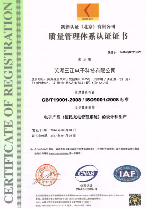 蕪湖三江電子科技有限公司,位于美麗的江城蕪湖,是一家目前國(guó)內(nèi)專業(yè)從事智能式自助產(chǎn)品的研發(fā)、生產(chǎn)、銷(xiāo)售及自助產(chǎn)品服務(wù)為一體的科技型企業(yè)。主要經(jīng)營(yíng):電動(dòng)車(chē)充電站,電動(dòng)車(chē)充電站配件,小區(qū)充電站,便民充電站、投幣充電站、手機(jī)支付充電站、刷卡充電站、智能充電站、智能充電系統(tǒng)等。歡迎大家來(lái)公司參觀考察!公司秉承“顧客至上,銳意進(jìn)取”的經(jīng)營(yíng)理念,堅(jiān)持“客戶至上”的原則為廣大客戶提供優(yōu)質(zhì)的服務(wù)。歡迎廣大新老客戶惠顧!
==============================
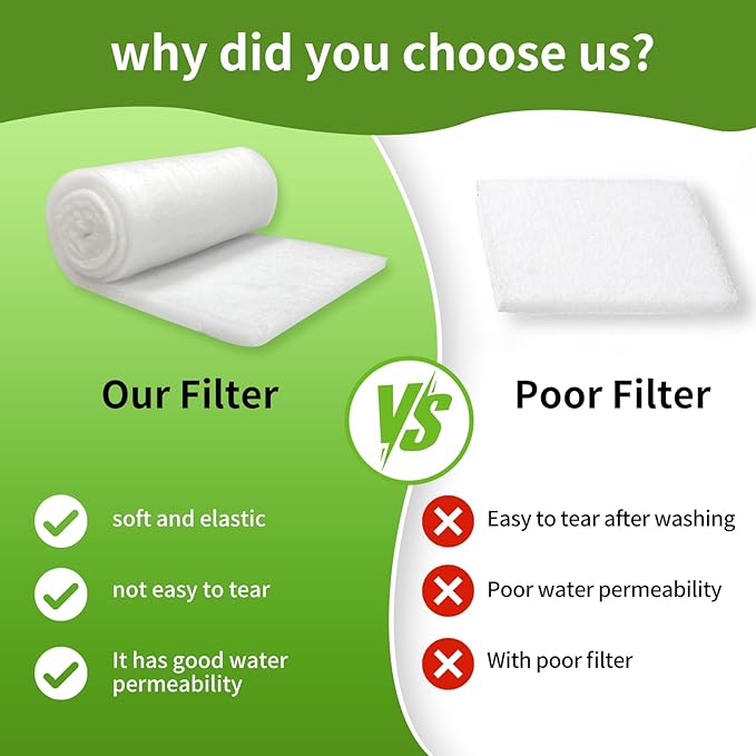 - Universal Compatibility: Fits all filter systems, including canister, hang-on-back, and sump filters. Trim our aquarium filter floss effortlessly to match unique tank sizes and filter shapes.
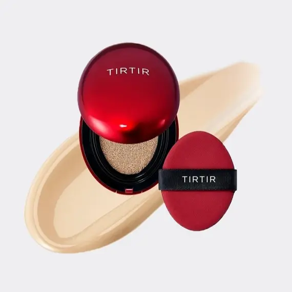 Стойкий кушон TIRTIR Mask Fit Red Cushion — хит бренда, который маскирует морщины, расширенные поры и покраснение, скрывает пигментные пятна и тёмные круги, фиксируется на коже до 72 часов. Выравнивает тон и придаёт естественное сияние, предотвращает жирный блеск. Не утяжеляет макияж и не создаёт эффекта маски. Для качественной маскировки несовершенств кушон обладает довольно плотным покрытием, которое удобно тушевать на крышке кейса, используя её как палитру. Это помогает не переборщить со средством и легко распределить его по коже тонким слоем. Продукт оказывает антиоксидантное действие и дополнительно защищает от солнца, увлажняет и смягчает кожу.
==============================
What is needed: Output exactly the lines above, from the line with "- Universal Compatibility: Fits" to the line with "Стойкий кушон TIRTIR", both included; skip the pictures.

Output for this exercise:
 - Universal Compatibility: Fits all filter systems, including canister, hang-on-back, and sump filters. Trim our aquarium filter floss effortlessly to match unique tank sizes and filter shapes.
 Стойкий кушон TIRTIR Mask Fit Red Cushion — хит бренда, который маскирует морщины, расширенные поры и покраснение, скрывает пигментные пятна и тёмные круги, фиксируется на коже до 72 часов. Выравнивает тон и придаёт естественное сияние, предотвращает жирный блеск. Не утяжеляет макияж и не создаёт эффекта маски. Для качественной маскировки несовершенств кушон обладает довольно плотным покрытием, которое удобно тушевать на крышке кейса, используя её как палитру. Это помогает не переборщить со средством и легко распределить его по коже тонким слоем. Продукт оказывает антиоксидантное действие и дополнительно защищает от солнца, увлажняет и смягчает кожу.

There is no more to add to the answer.